Die Verwaltung beschreibt in ihrer Mitteilung mehrere Faktoren, die im Projektverlauf gleichzeitig wirksam wurden:

  • Personalwechsel bei Projektbeteiligten führten zu erhöhtem Abstimmungsbedarf sowie zu Verzögerungen durch notwendige Einarbeitungen und veränderte Sichtweisen auf das Projekt.
  • Die Sachgebietsleitung fiel infolge eines Unfalls mit schweren Verletzungen über rund ein Jahr aus. Die Vertretung war zur selben Zeit durch die Projektleitung des Schulzentrums Gerthe erheblich belastet.
  • Weitere personelle Engpässe und krankheitsbedingte Ausfälle auf allen Seiten der Projektbeteiligten reduzierten die Bearbeitungskapazitäten.
  • Die Nachwirkungen der Corona-Pandemie verursachten organisatorische Mehraufwände sowie verzögerte Prozesse und Abstimmungen.
  • Entwicklungen in der Bauindustrie – darunter Lieferkettenprobleme, Rohstoffmangel und Preissteigerungen – wirkten sich zusätzlich auf die Projektabwicklung aus.
  • Im Zuge der vertieften Planung stellte sich heraus, dass die tatsächliche Projekttiefe über den ursprünglichen Annahmen lag, was eine Optimierung und Anpassung des Entwurfs erforderlich machte.
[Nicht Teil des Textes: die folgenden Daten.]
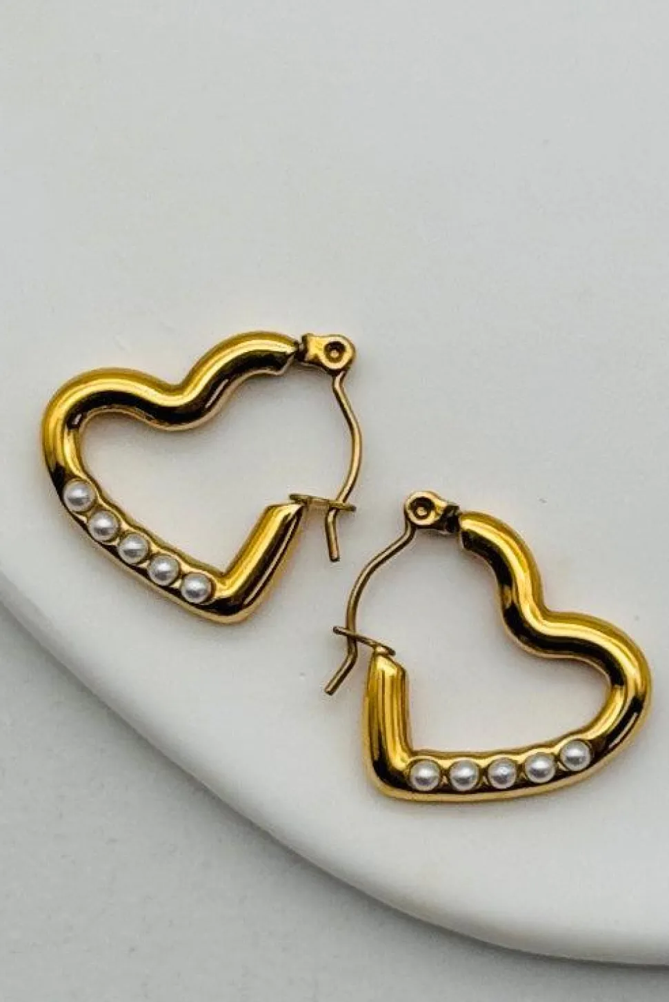 Add a touch of whimsy to any outfit with LUXE Pearl Accent Heart Hoops. These mini gold hoops feature 4 charming mini pearls, adding a playful twist to a classic accessory. Perfect for adding a hint of fun and elegance to your look.

Politische Abstimmungswege nicht eingehalten

Die Verwaltung räumt in ihrer Mitteilung ein, dass in der kumulierten Belastungssituation in Einzelfällen politische Abstimmungs- und Entscheidungswege unbeabsichtigt nicht in der vorgesehenen Form eingehalten wurden. In der Gesamtbetrachtung hätten die genannten Faktoren zu einem erhöhten Koordinations- und Bearbeitungsaufwand sowie zu Verzögerungen im Projektablauf geführt.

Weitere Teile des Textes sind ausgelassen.